• **Brief**
From the line containing "- Create another" down to the line containing "La Diputación de" in the records below, reproduce every line exactly, ends included, and omit all others.

• **Stored data**
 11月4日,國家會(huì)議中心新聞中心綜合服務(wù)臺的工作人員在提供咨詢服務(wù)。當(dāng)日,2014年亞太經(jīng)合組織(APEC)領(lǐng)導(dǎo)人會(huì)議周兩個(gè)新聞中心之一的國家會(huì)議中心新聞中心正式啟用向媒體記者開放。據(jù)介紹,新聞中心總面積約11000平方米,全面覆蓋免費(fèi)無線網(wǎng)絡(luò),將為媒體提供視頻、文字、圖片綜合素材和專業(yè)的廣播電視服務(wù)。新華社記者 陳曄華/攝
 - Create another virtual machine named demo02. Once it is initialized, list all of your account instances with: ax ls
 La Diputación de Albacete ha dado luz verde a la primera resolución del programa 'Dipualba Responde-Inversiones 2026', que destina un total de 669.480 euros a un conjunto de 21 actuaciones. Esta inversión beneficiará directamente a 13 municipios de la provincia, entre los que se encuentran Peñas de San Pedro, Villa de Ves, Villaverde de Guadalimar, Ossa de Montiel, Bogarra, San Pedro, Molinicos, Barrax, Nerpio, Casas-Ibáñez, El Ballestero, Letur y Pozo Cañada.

--

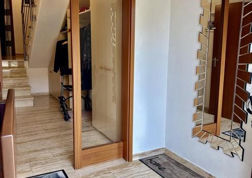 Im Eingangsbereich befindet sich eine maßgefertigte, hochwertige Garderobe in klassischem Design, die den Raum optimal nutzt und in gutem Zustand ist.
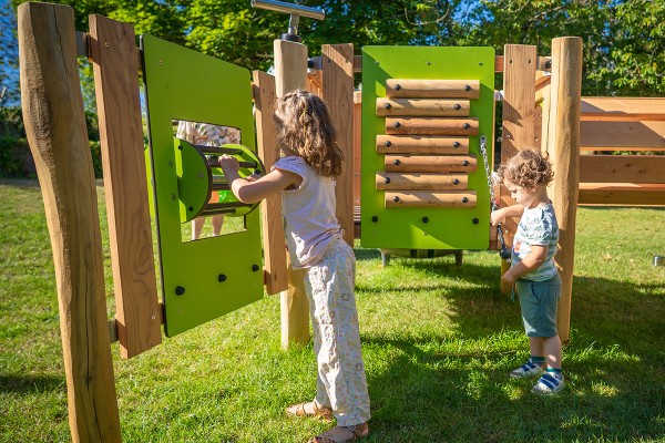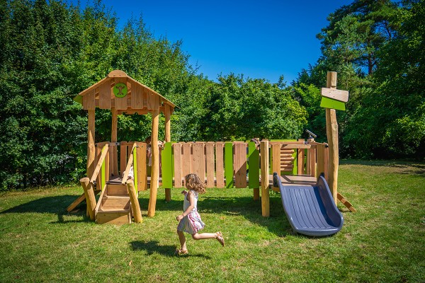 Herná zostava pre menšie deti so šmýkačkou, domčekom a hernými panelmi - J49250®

• **The answer**
 - Create another virtual machine named demo02. Once it is initialized, list all of your account instances with: ax ls
 La Diputación de Albacete ha dado luz verde a la primera resolución del programa 'Dipualba Responde-Inversiones 2026', que destina un total de 669.480 euros a un conjunto de 21 actuaciones. Esta inversión beneficiará directamente a 13 municipios de la provincia, entre los que se encuentran Peñas de San Pedro, Villa de Ves, Villaverde de Guadalimar, Ossa de Montiel, Bogarra, San Pedro, Molinicos, Barrax, Nerpio, Casas-Ibáñez, El Ballestero, Letur y Pozo Cañada.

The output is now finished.